- _Problem requirements_
All lines from the one that contains "The relaxed fit" through the close of the entries below are to be repeated exactly, without any pictures.

Stored data entries
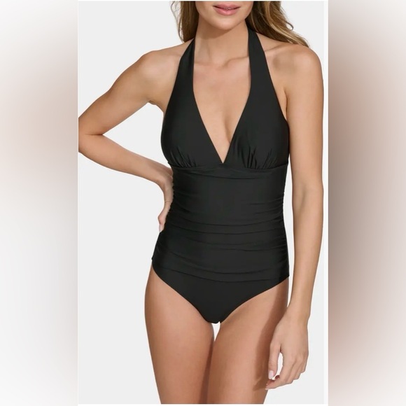 DKNY Solid Black Halter Deep V-Neck One-Piece Bathing Suit Ruched Medium
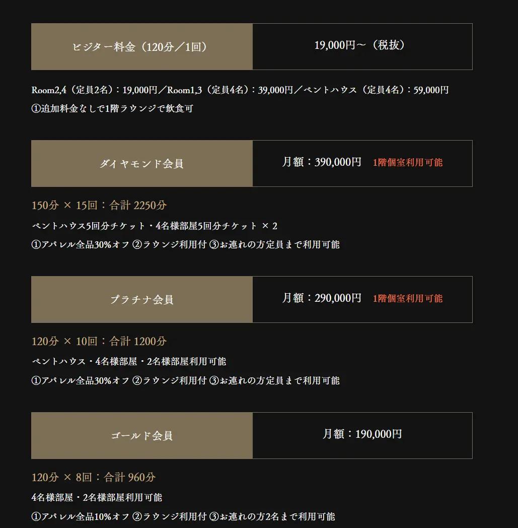 对于频繁光顾的客人,店家还提供会员制方案。最高等级的会员月费约39 万日元,且名额有限——只有会员,才能优先、甚至限定性地预约高级包厢。
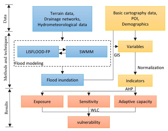 For flood disasters, vulnerability is the tendency towards an adverse effect of the flood. Exposure refers to the elements exposed to flood hazards in a specific region, such as people, buildings, infrastructure, and other personal or public assets. Many studies regard that all receptors can be affected by a disaster in the study area; that is, all receptors should be used for exposure assessment, no matter where they are located [10,36]. In our view, exposure should depend on a specific disaster. For example, the former approach is suitable for disasters with widespread effects, such as earthquakes. However, for disasters where the scope of the effect can be determined, such as floods, the exposure of a population or infrastructure is determined by the extent of flooding and can vary under different flood hazards. Sensitivity is the intrinsic predisposition of an element to be affected by or susceptible to damage with the occurrence of a flood hazard. Adaptive capacity represents the ability of communities, institutions, or people to adjust to the flood, take advantage of opportunities, or respond to consequences. Based on this understanding of vulnerability to urban flooding, the research outline for this study was developed (Figure 2). Different types of urban flooding were simulated using a coupled flood model, which was built using LISFLOOD-FP [37] and the stormwater management model (SWMM) [38]. Flood simulation results were combined with variables to create a set of vulnerability indicators. Components of vulnerability, including exposure, sensibility, and adaptive capacity, were combined from the corresponding indicators using the AHP method. Finally, the vulnerability index was integrated from its components by using the WLC method. In this approach, GIS techniques and methods are frequently used in flood simulation and assessment as a spatial data processing method.
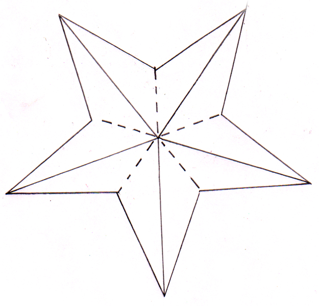 ![]() Score from star point to opposite edge along solid & dashed line. Hand crease fold line along solid lines only. bring two star points together along creased fold lines, which pushes the dashed line to become a valley fold. Repeat on all star points. |
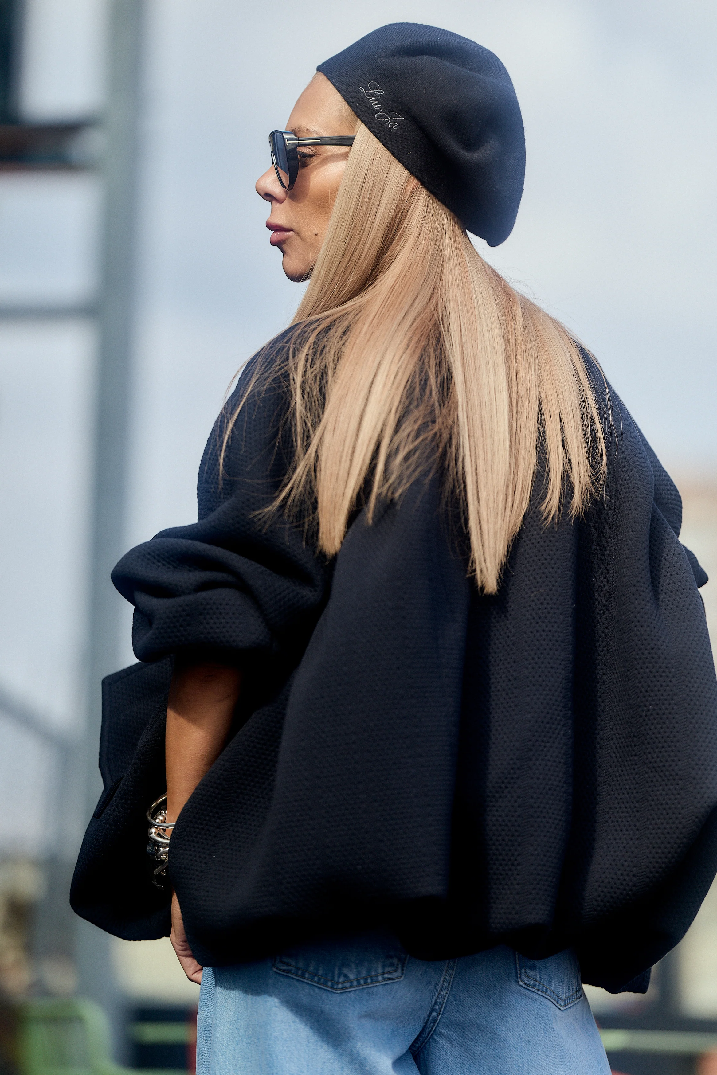 The relaxed fit and dropped shoulders create an effortlessly cool shape, while the deep black tone keeps it timeless and versatile. Perfect for layering over denim, leather, or minimalist separates â this jacket brings volume, confidence, and individuality to every look.
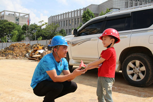 炎炎夏日似火燒,滾滾熱浪暑襲人。在探親“小候鳥”及職工家屬的強(qiáng)烈要求下,福宜項(xiàng)目部工委會(huì)于8月5日組織“小候鳥”深入施工現(xiàn)場(chǎng)問候父輩和農(nóng)民工,為施工一線的建設(shè)者們送去了西瓜、綠豆湯、藿香正氣水等夏日“清涼”。一張張真摯的面孔,一雙雙稚嫩的小手、一句句真誠的問候,大大的提升了職工群眾工作的幸福感,進(jìn)一步激發(fā)了建設(shè)者們的施工熱情,為融入助推項(xiàng)目施工生產(chǎn)起到了很好的促進(jìn)作用。

- _Exercise result_
 The relaxed fit and dropped shoulders create an effortlessly cool shape, while the deep black tone keeps it timeless and versatile. Perfect for layering over denim, leather, or minimalist separates â this jacket brings volume, confidence, and individuality to every look.
 炎炎夏日似火燒,滾滾熱浪暑襲人。在探親“小候鳥”及職工家屬的強(qiáng)烈要求下,福宜項(xiàng)目部工委會(huì)于8月5日組織“小候鳥”深入施工現(xiàn)場(chǎng)問候父輩和農(nóng)民工,為施工一線的建設(shè)者們送去了西瓜、綠豆湯、藿香正氣水等夏日“清涼”。一張張真摯的面孔,一雙雙稚嫩的小手、一句句真誠的問候,大大的提升了職工群眾工作的幸福感,進(jìn)一步激發(fā)了建設(shè)者們的施工熱情,為融入助推項(xiàng)目施工生產(chǎn)起到了很好的促進(jìn)作用。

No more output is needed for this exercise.